Start of Block

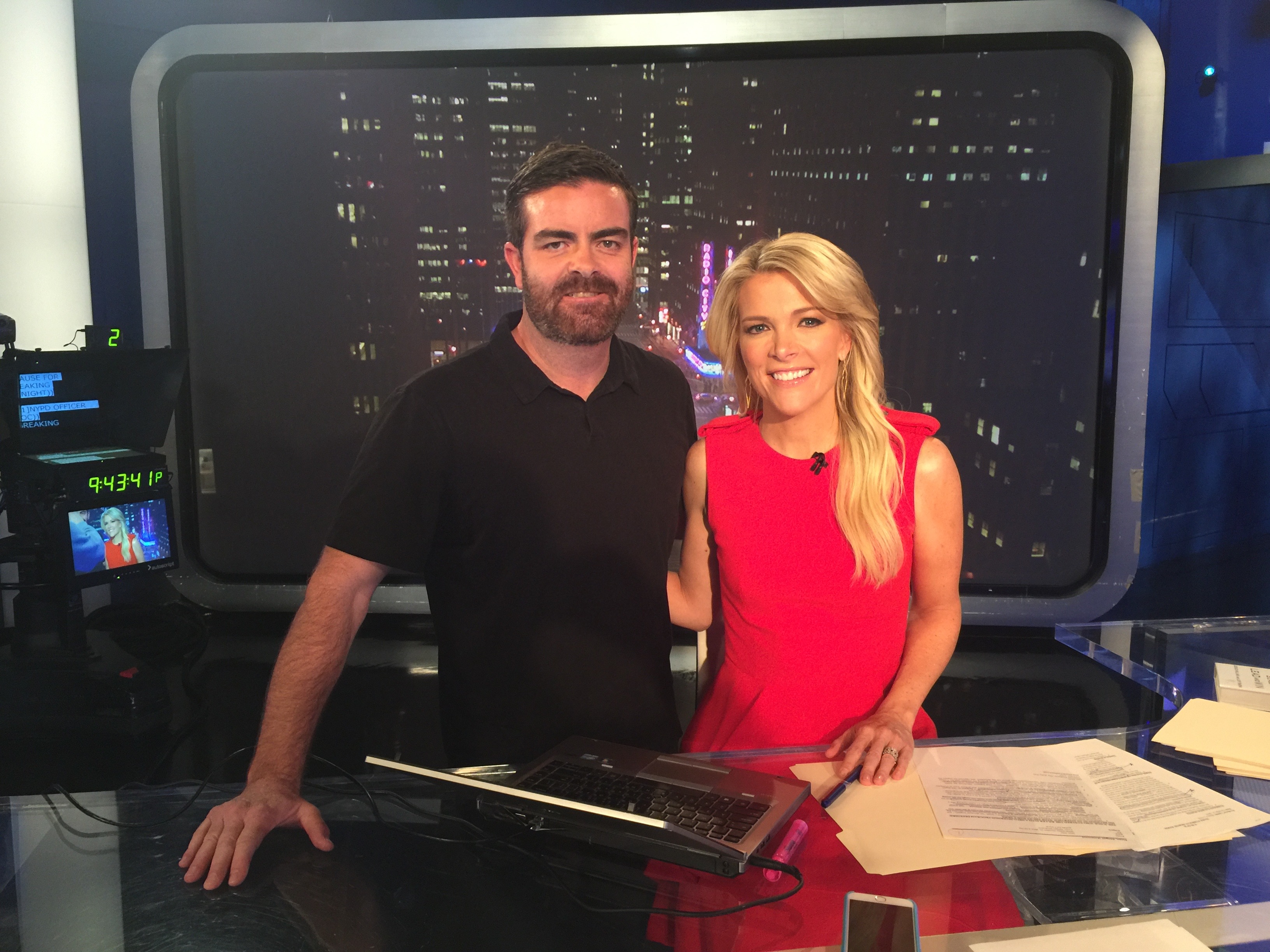 Post-interview, on set with Megyn Kelly of FOX News’ “The Kelly File.” I’ve been on Megyn’s show often, and she’s one of the smartest news media hosts I know.
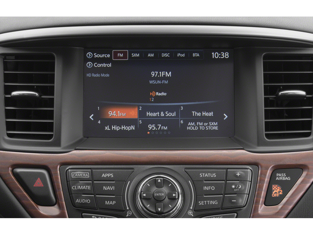 Recent Arrival! 13 Speakers, 3rd row seats: bench, 4-Wheel Disc Brakes, 5.25 Axle Ratio, ABS brakes, Air Conditioning, Alloy wheels, AM/FM radio: SiriusXM, AM/FM/CD Audio System, Auto tilt-away steering wheel, Auto-dimming Rear-View mirror, Automatic temperature control, Black Mold-in-Color Splash Guards, Blind Spot Warning, Bodyside moldings, Bose Premium Audio System, Brake assist, Bumpers: body-color, Carpeted Floor Mats (4-pc Set), CD player, Climate Controlled Front Bucket Seats, Cross Bars, Delay-off headlights, Driver door bin, Driver vanity mirror, Dual front impact airbags, Dual front side impact airbags, Electronic Stability Control, Emergency communication system: NissanConnect Services, Exterior Parking Camera Rear, Four wheel independent suspension, Front anti-roll bar, Front Bucket Seats, Front Center Armrest, Front dual zone A/C, Front fog lights, Front reading lights, Fully automatic headlights, Garage door transmitter: HomeLink, Heated door mirrors, Heated front seats, Heated rear seats, Heated steering wheel, Illuminated entry, Leather Seating Surfaces, Leather Shift Knob, Leather steering wheel, Low tire pressure warning, Memory seat, Navigation System, NissanConnect w/Navigation & Services, Occupant sensing airbag, Outside temperature display, Overhead airbag, Overhead console, Panic alarm, Passenger door bin, Passenger vanity mirror, Power door mirrors, Power driver seat, Power Liftgate, Power moonroof, Power passenger seat, Power steering, Power windows, Radio data system, Rear air conditioning, Rear anti-roll bar, Rear Bumper Protector, Rear Parking Sensors, Rear reading lights, Rear seat center armrest, Rear window defroster, Rear window wiper, Reclining 3rd row seat, Remote keyless entry, Security system, SiriusXM Traffic, Speed control, Speed-sensing steering, Speed-Sensitive Wipers, Split folding rear seat, Spoiler, Steering wheel memory, Steering wheel mounted audio controls, Tachometer, Telescoping steering wheel, Tilt steering wheel, Traction control, Trip computer, Turn signal indicator mirrors, Variably intermittent wipers, Ventilated front seats, Welcome Lighting, Wheels: 20 x 7.5 J Machined Aluminum-Alloy. Odometer is 8472 miles below market average!
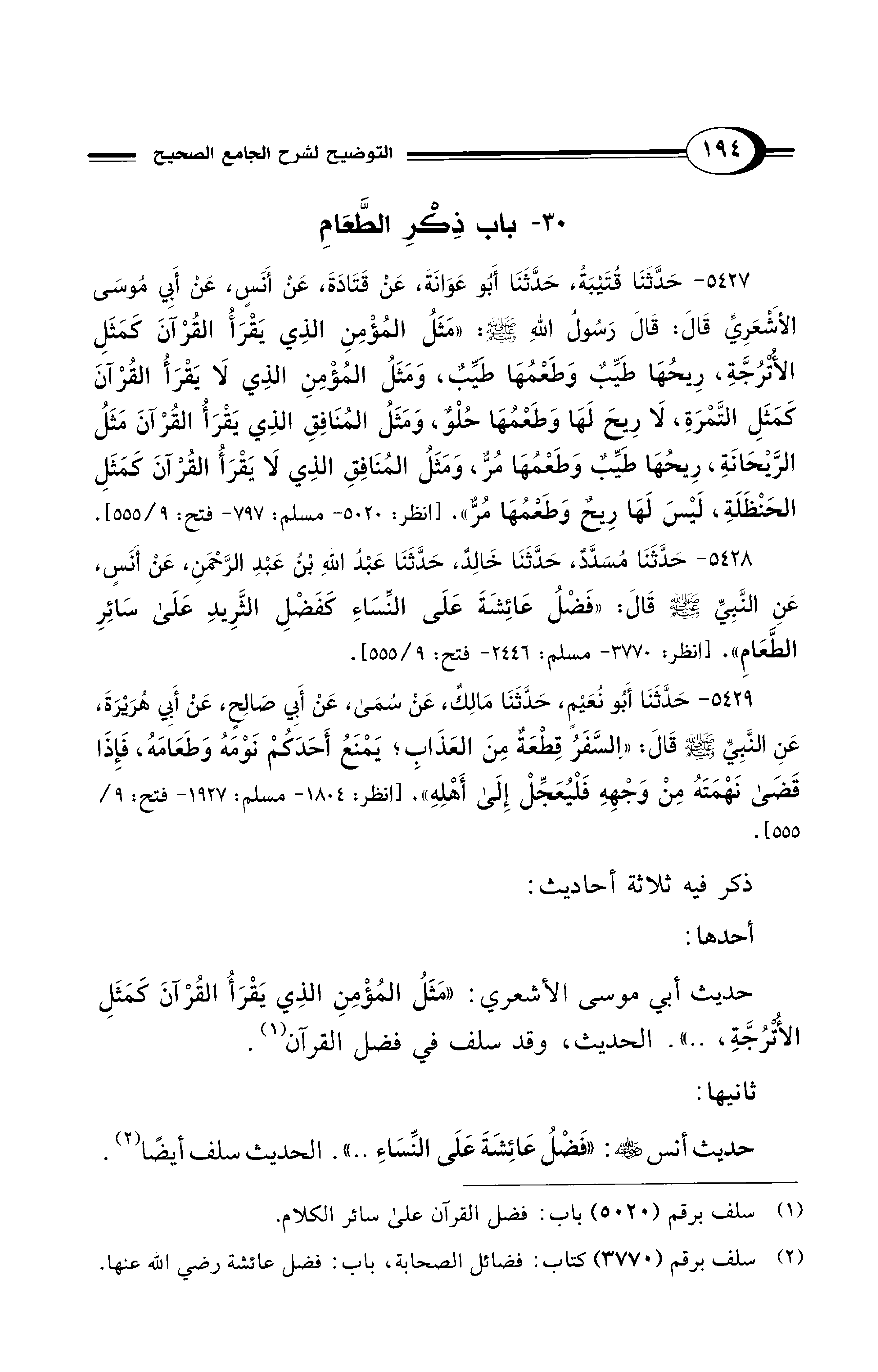 5428 - حَدَّثَنَا مُسَدَّدٌ، حَدَّثَنَا خَالِدٌ، حَدَّثَنَا عَبْدُ اللهِ بْنُ عَبْدِ الرَّحْمَنِ، عَنْ أَنَسٍ، عَنِ النَّبِيِّ - صلى الله عليه وسلم - قَالَ: «فَضْلُ عَائِشَةَ على النِّسَاءِ كَفَضْلِ الثَّرِيدِ على سَائِرِ الطَّعَامِ». [انظر: 3770 - مسلم: 2446 - فتح: 9/ 555].

End of Block

## Your assignment
What the answer must hold: all the data above, given again exactly, without pictures.

## Solved problem
 Post-interview, on set with Megyn Kelly of FOX News’ “The Kelly File.” I’ve been on Megyn’s show often, and she’s one of the smartest news media hosts I know.
 Recent Arrival! 13 Speakers, 3rd row seats: bench, 4-Wheel Disc Brakes, 5.25 Axle Ratio, ABS brakes, Air Conditioning, Alloy wheels, AM/FM radio: SiriusXM, AM/FM/CD Audio System, Auto tilt-away steering wheel, Auto-dimming Rear-View mirror, Automatic temperature control, Black Mold-in-Color Splash Guards, Blind Spot Warning, Bodyside moldings, Bose Premium Audio System, Brake assist, Bumpers: body-color, Carpeted Floor Mats (4-pc Set), CD player, Climate Controlled Front Bucket Seats, Cross Bars, Delay-off headlights, Driver door bin, Driver vanity mirror, Dual front impact airbags, Dual front side impact airbags, Electronic Stability Control, Emergency communication system: NissanConnect Services, Exterior Parking Camera Rear, Four wheel independent suspension, Front anti-roll bar, Front Bucket Seats, Front Center Armrest, Front dual zone A/C, Front fog lights, Front reading lights, Fully automatic headlights, Garage door transmitter: HomeLink, Heated door mirrors, Heated front seats, Heated rear seats, Heated steering wheel, Illuminated entry, Leather Seating Surfaces, Leather Shift Knob, Leather steering wheel, Low tire pressure warning, Memory seat, Navigation System, NissanConnect w/Navigation & Services, Occupant sensing airbag, Outside temperature display, Overhead airbag, Overhead console, Panic alarm, Passenger door bin, Passenger vanity mirror, Power door mirrors, Power driver seat, Power Liftgate, Power moonroof, Power passenger seat, Power steering, Power windows, Radio data system, Rear air conditioning, Rear anti-roll bar, Rear Bumper Protector, Rear Parking Sensors, Rear reading lights, Rear seat center armrest, Rear window defroster, Rear window wiper, Reclining 3rd row seat, Remote keyless entry, Security system, SiriusXM Traffic, Speed control, Speed-sensing steering, Speed-Sensitive Wipers, Split folding rear seat, Spoiler, Steering wheel memory, Steering wheel mounted audio controls, Tachometer, Telescoping steering wheel, Tilt steering wheel, Traction control, Trip computer, Turn signal indicator mirrors, Variably intermittent wipers, Ventilated front seats, Welcome Lighting, Wheels: 20 x 7.5 J Machined Aluminum-Alloy. Odometer is 8472 miles below market average!
 5428 - حَدَّثَنَا مُسَدَّدٌ، حَدَّثَنَا خَالِدٌ، حَدَّثَنَا عَبْدُ اللهِ بْنُ عَبْدِ الرَّحْمَنِ، عَنْ أَنَسٍ، عَنِ النَّبِيِّ - صلى الله عليه وسلم - قَالَ: «فَضْلُ عَائِشَةَ على النِّسَاءِ كَفَضْلِ الثَّرِيدِ على سَائِرِ الطَّعَامِ». [انظر: 3770 - مسلم: 2446 - فتح: 9/ 555].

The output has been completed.